Бинг носил форму горчичного цвета, которую он надевал в моменты, когда хотел чувствовать себя счастливым.
– Если что, я буду к ней готов, – ответил Бинг и подмигнул почтальону.
Из Страны Рождества ничего не было. Да и как могло быть по-другому? Он ведь послал письмо лишь днем раньше.
* * *
Ничего не пришло и на следующий день.
* * *
И на следующий.
* * *
В понедельник Бинг был уверен, что ответ придет. Он вышел на крыльцо за полчаса до прибытия почтальона. Над гребнем холма – как раз за колокольней церкви Новой американской веры – чернели отвратительные грозовые тучи. Буря, как чувствовал Бинг, могла задержаться еще на один день. Приглушенный гром гремел в двух милях отсюда и в восемнадцати тысячах футов вверху. Грохот не походил на вибрацию – он шел к центру Бинга и сотрясал его кости, обернутые жиром.

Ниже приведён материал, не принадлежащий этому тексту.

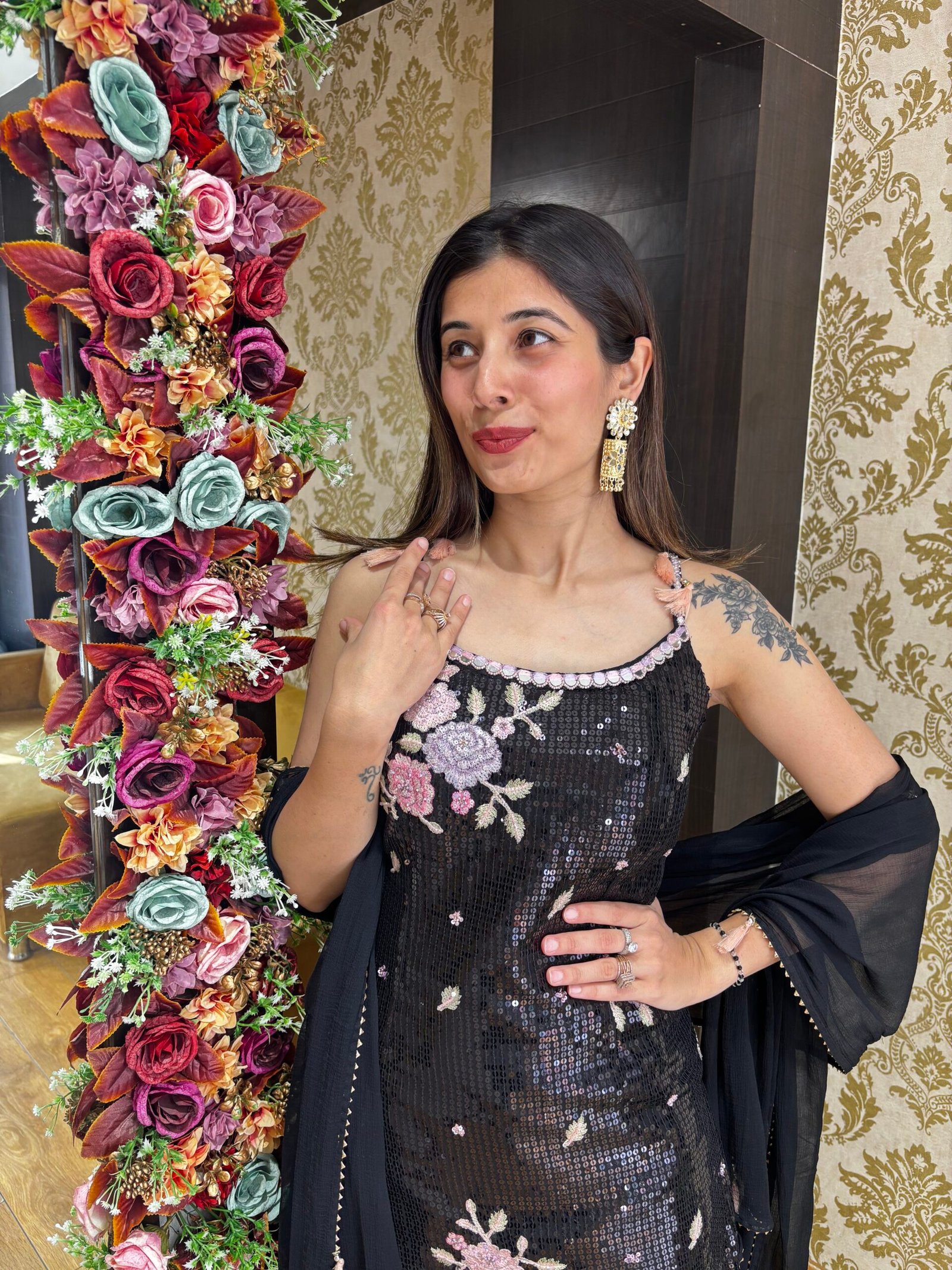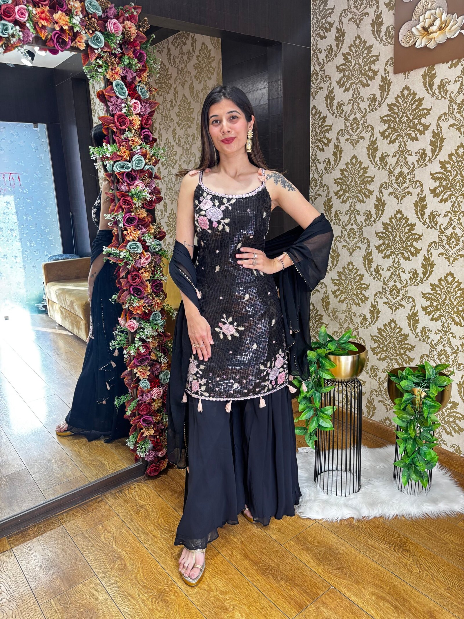 BLACK SPAGETTI PLAZZO SET WITH DUPATTA
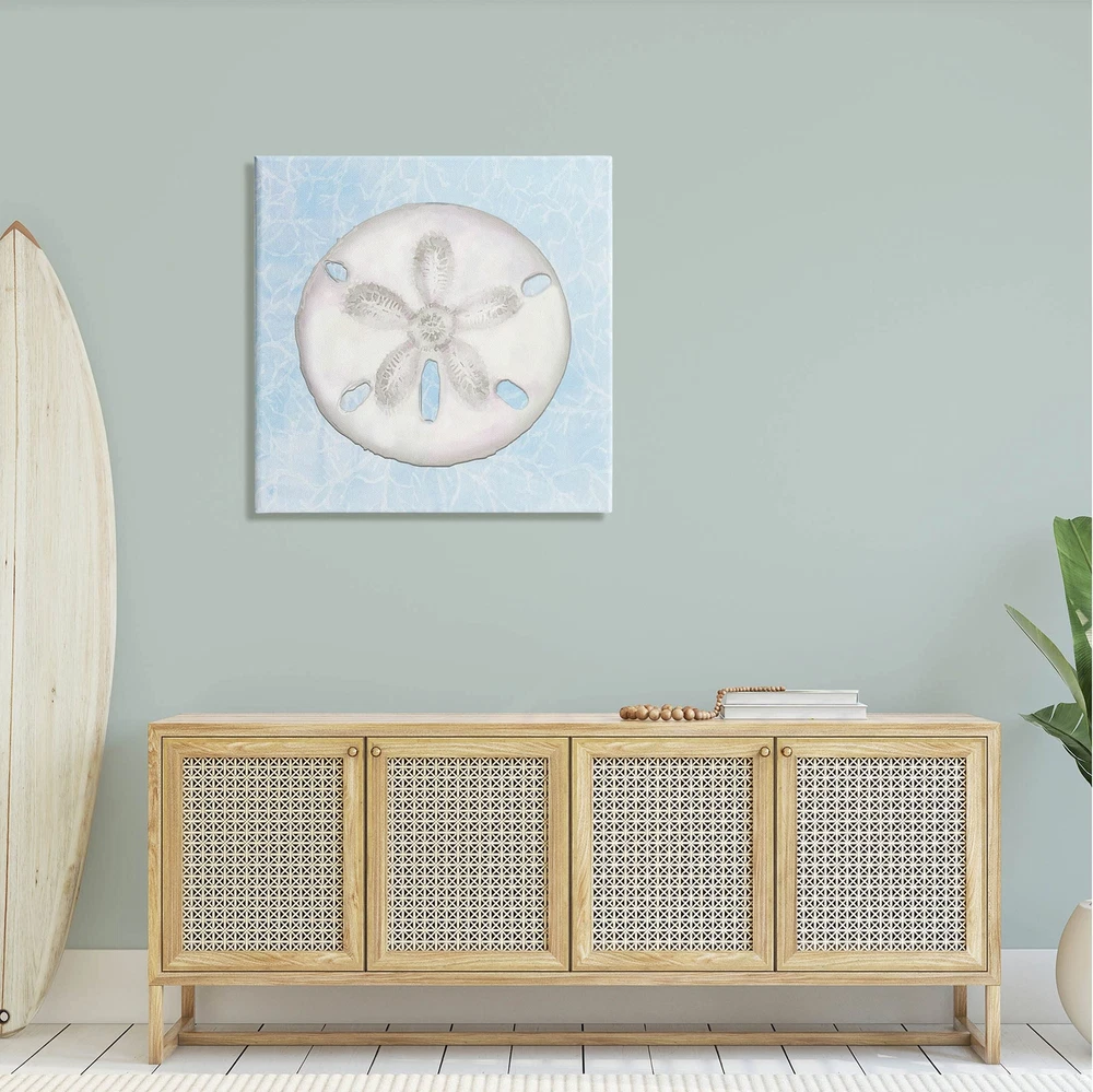 Stretched Canvas Sizes Include Standard: 17 x 1.5 x 17 Large: 24 x 1.5 x 24 X-Large: 30 x 1.5 x 30 Oversized: 36 x 1.5 x 36 Wall Art is Ready to Hang - No Installation or Hardware Needed. For Easy Set Up Lean or Layer Artwork on Shelf or Against Wall. Our stretched canvas is created with the highest standards. We use only the highest quality inks and canvas on our in house Mimaki printers, and then hand cut and stretch each piece over a 1.5 inch thick wooden frame for hanging. Made In USA. Artwork Relates To: Seashell, Sea Life, Animal, Invertebrate, Aquatic, Sand Dollar Design by Diannart

Его цветы из фольги истерично вращались, звуча для мира, как свора детей на велосипедах, несущихся с холма вне всякого контроля.
Гром и жужжание цветов из фольги вызывали беспокойство Бинга. Было очень жарко, и грохот грома напоминал выстрел гвоздомета (вот как Бинг думал об этом: не как о дне, когда он убил своего отца, а как о времени, когда случайно выстрелил инструмент). Отец почувствовал ствол, прижатый к его левому виску, и покосился на Бинга, который стоял над ним. Он сделал глоток пива, пошевелил губами и сказал:
– Боюсь даже думать, что ты имеешь шары.
Нажав на курок, Бинг сел рядом с отцом и прислушался к дождю, стучавшему по крыше гаража. Джон Партридж распластался на полу. Одна его нога дрожала. На передней части штанов растекалась моча. Бинг сидел, пока не вошла его мать. Она начала кричать. А потом была ее очередь – хотя обошлось уже без гвоздомета.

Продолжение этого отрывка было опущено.